Question

I'm loosing my hair trying to figure out why net.sf.json.JSONObject add extra backslash where it shouldn't on my java code :

JSONObject obj = new JSONObject ();
obj.element ("column_name", "<a href=\"#\" title=\"test\">Test !</a>");

will output :

<a href=\"#\" title=\"test\">Test !<\/a>

with an extra "\" near </a>.

How can I avoid this behavior ?

Was it helpful?

Solution

It probably uses the same method to escape strings in JSON as it does JavaScript strings used in script blocks (<script ...> ... </script>) which according to HTML syntax rules may not include the character sequence </.

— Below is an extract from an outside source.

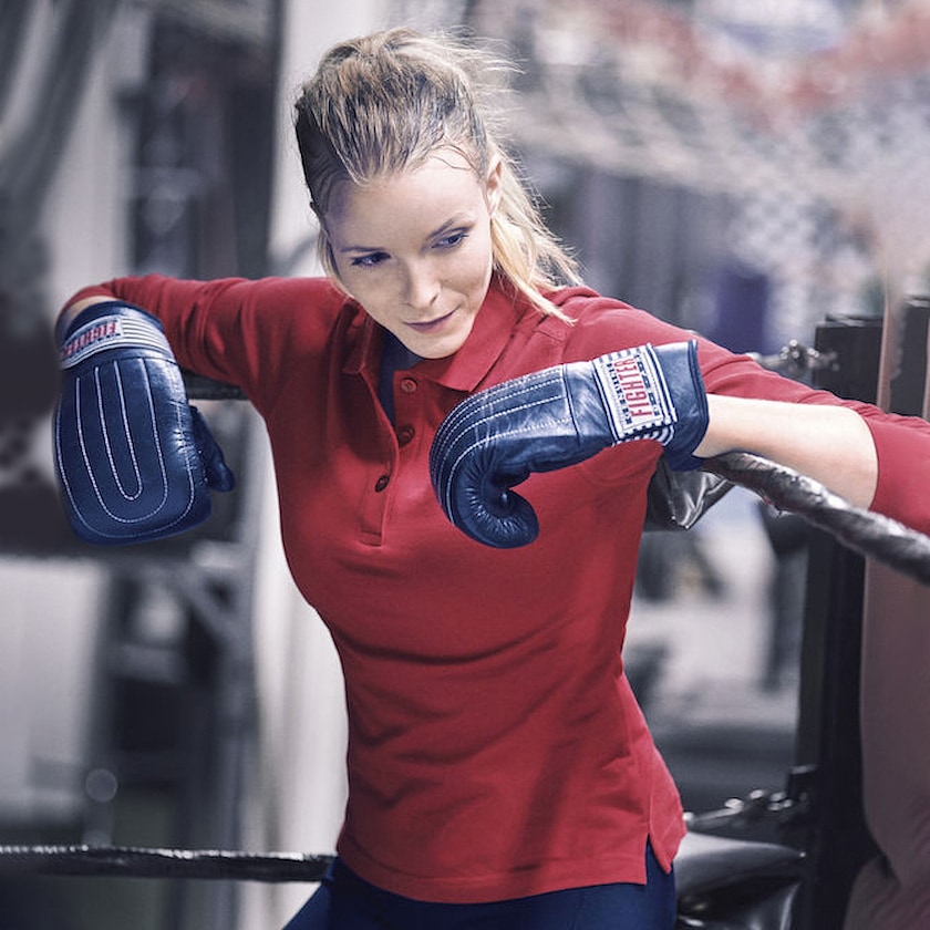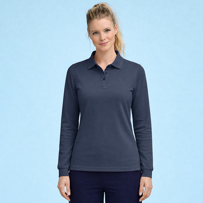Langarm Polo-Shirt aus 100% Baumwolle. Das Polo-Shirt hat Schlitze an den Seiten und drei Knöpfe am Halsauschnitt.

Does this make any difference to you? Escaping "random" characters doesn't change the meaning of a string literals in JSON or JavaScript. The string literals "/" and "\/" are technically absolutely identical:

if ("/" === "\/") alert("The same!");

EDIT: BTW, the JSON grammer explicitly lists the forward slash (solidus) as an character that can be escaped.

OTHER TIPS

I also ran into this issue. Turns out the problem was that my code used both org.json.JSONObject and com.amazonaws.util.json.JSONObject. The conversion between the two was creating strings and escape characters. Considering you're using net.sf.json.JSONObject, this might be your issue as well. Check your imports for other versions of JSONObject.